Yeah im sure thats something his dad can sort.


----------



## SilentAssassin1642 (Feb 16, 2010)

I got my first mobile when I was in my first year of secondary school, for obvious reasons. I was 11 or 12 at the time. It was never used, just kept in my school bag incase of emergencies


----------



## Steff (Feb 21, 2010)

Well low and behold a week in and the mobile has gone missing , im seething but daddy is calm as ever,shall see what happens when he gets home in 10 minutes.Rang it first time it rang ever since then it has gone straight to voice mail says to me some one has picked it up and we will never see it again.Decent human being would see it ring and pick up or go to the contacts look where it said home or mum and dad and ring but not these days.


----------



## Northerner (Feb 21, 2010)

How awful Steff!


----------



## Steff (Feb 21, 2010)

Northerner said:


> How awful Steff!



Yea we have text the fone i said this belongs to a very upset 8 year old and he really wants his phone back, if you could please bring it back to this address they will be a cash reward.


----------



## Hazel (Feb 21, 2010)

oh sweetie - I feel for you and your son.

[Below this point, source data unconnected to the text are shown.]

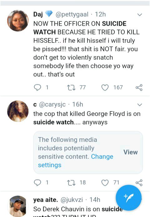 A twitter user made a tweet on twitter saying “George Floyd’s killer is trying to commit Suicide so he has been placed on suicide watch”
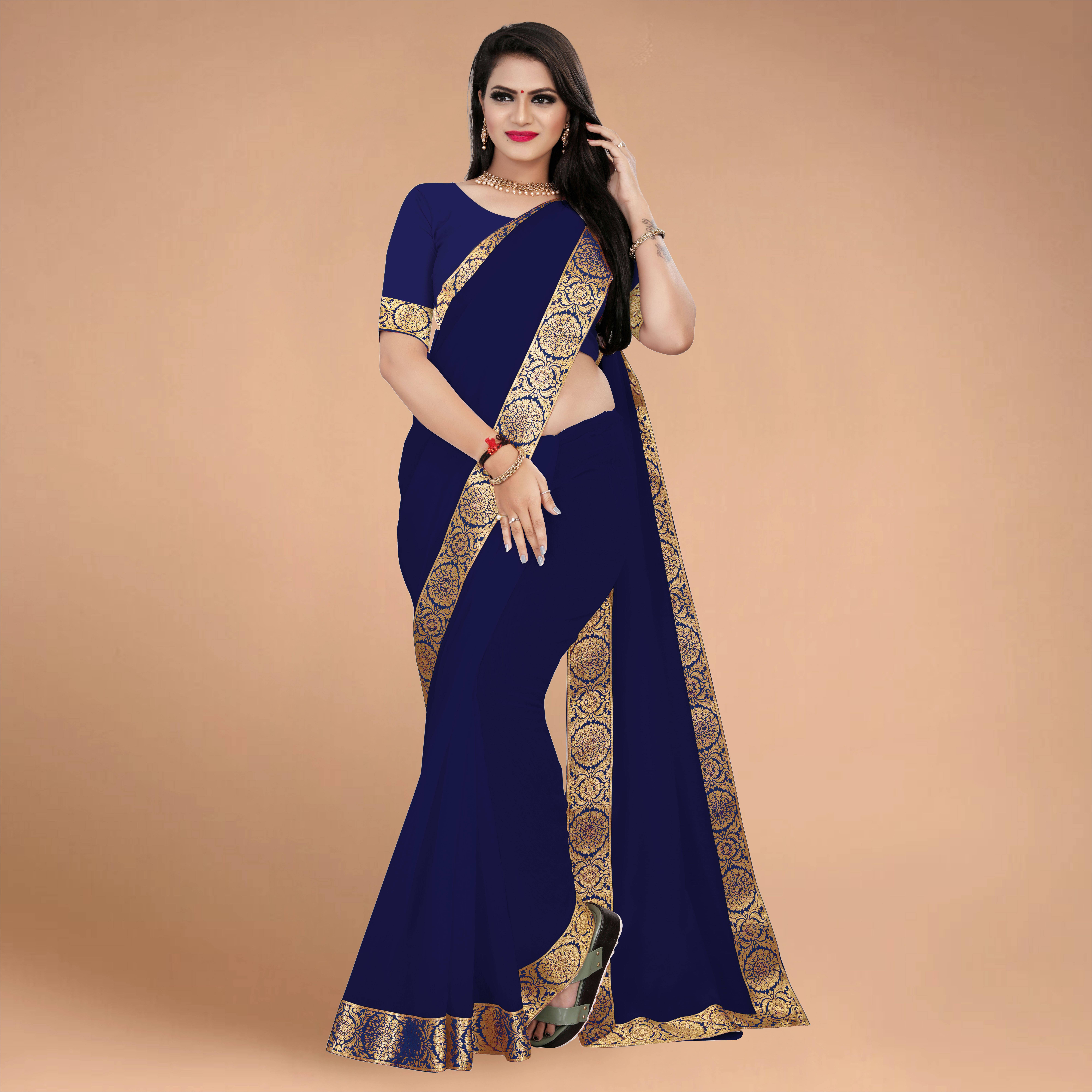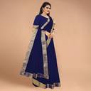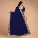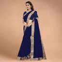 Volmina Solid/Plain, Woven Chanderi Cotton Blend Saree (Dark Blue)
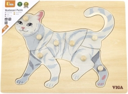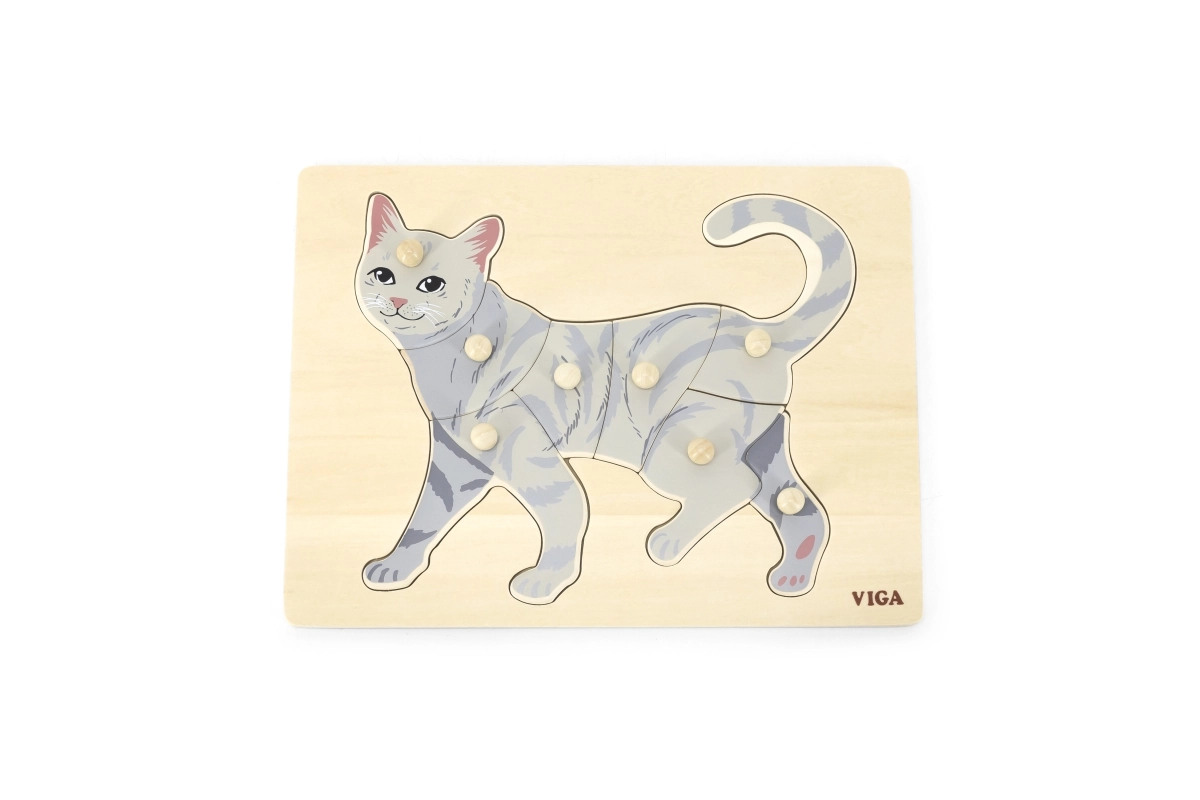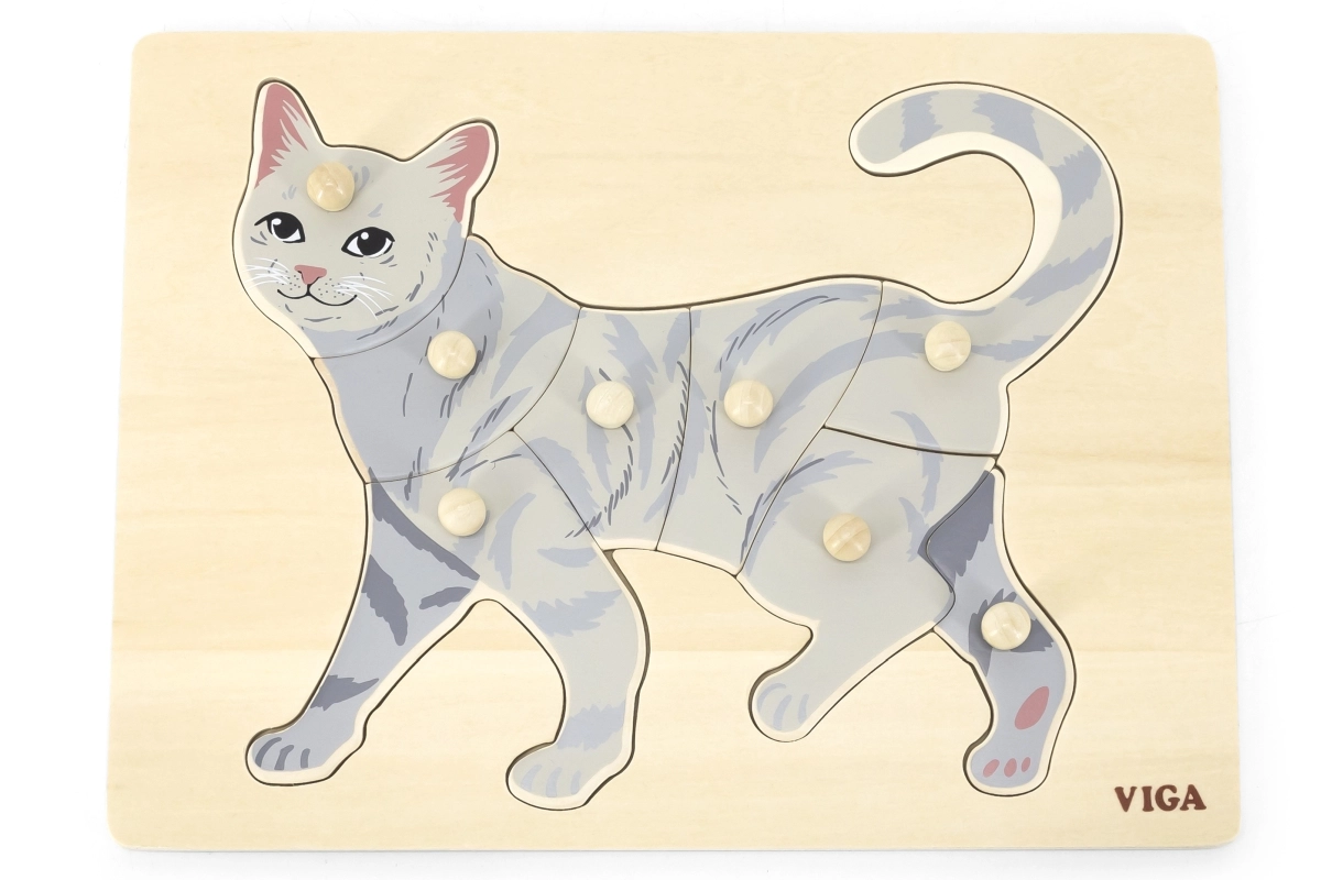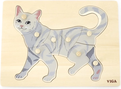 Lapse ülesanne on kokku panna kassi pilt mitte ainult illustratsiooni, vaid ka üksikute tükkide kuju järgi. Nupptüüpi käepidemed hõlbustavad haaramist väikeste sõrmedega ja toetavad käe õiget juhtimist. Tugev puidust alus hoiab tükke kindlalt paigal ja peab vastu igapäevasele kasutusele.

Mine was lost/stolen 3 years ago, just after my Mam died, and where did I have some cracking photos of her, on the phone.

I will never get them back - I could have killed the ******* that made off with it.

I left voice mails and texts, the police reckoned the sim card was removed and ditched and whoever the phone and put in a cheap sim card.

I also lost over 150 contacts - a lot if whom I have never beenable to replace

Good luck though


----------



## Steff (Feb 21, 2010)

Well we reckon it has either died as son said it was on last bar on life, or it was heard and picked up and now the sim will of just been thrown away and some bugger is sat with his phone. I guess it could of been a whole lost worse.


----------



## Copepod (Feb 21, 2010)

*Immobilise property register*

Admittedly this is probably too late to help Steff, but anyone can register valubles, including mobile phones, with http://www.immobilise.com as recommended by many UK Police forces.


----------



## Steff (Feb 21, 2010)

Thanks copepod i have still registered.


----------



## Gemma444 (Feb 21, 2010)

oh dear Steff I hope someone will hopefully hand it in but not many people do these days. My OH lost his once and a guy met us at a local petrol station. You don't get many that would do that...... got my fingers crossed that someone will ring one of the contact numbers in the phone and give it your lad back.


----------



## Steff (Feb 21, 2010)

Gemma444 said:


> oh dear Steff I hope someone will hopefully hand it in but not many people do these days. My OH lost his once and a guy met us at a local petrol station. You don't get many that would do that...... got my fingers crossed that someone will ring one of the contact numbers in the phone and give it your lad back.



Yes well i live in hope hun, it is still just going to virgin voice mail, nevermind it was about 10 years old we didnt top it up and it cost us nothing .He has hardly said 2 words to me since we told him off but nevermind had to be told.


----------



## Gemma444 (Feb 21, 2010)

Yep we can live in hope. My J has lost interest in his again. I think when hes older and he can play out of the street I will then make him keep it on him and top it up.


----------



## Steff (Feb 21, 2010)

Gemma444 said:


> Yep we can live in hope. My J has lost interest in his again. I think when hes older and he can play out of the street I will then make him keep it on him and top it up.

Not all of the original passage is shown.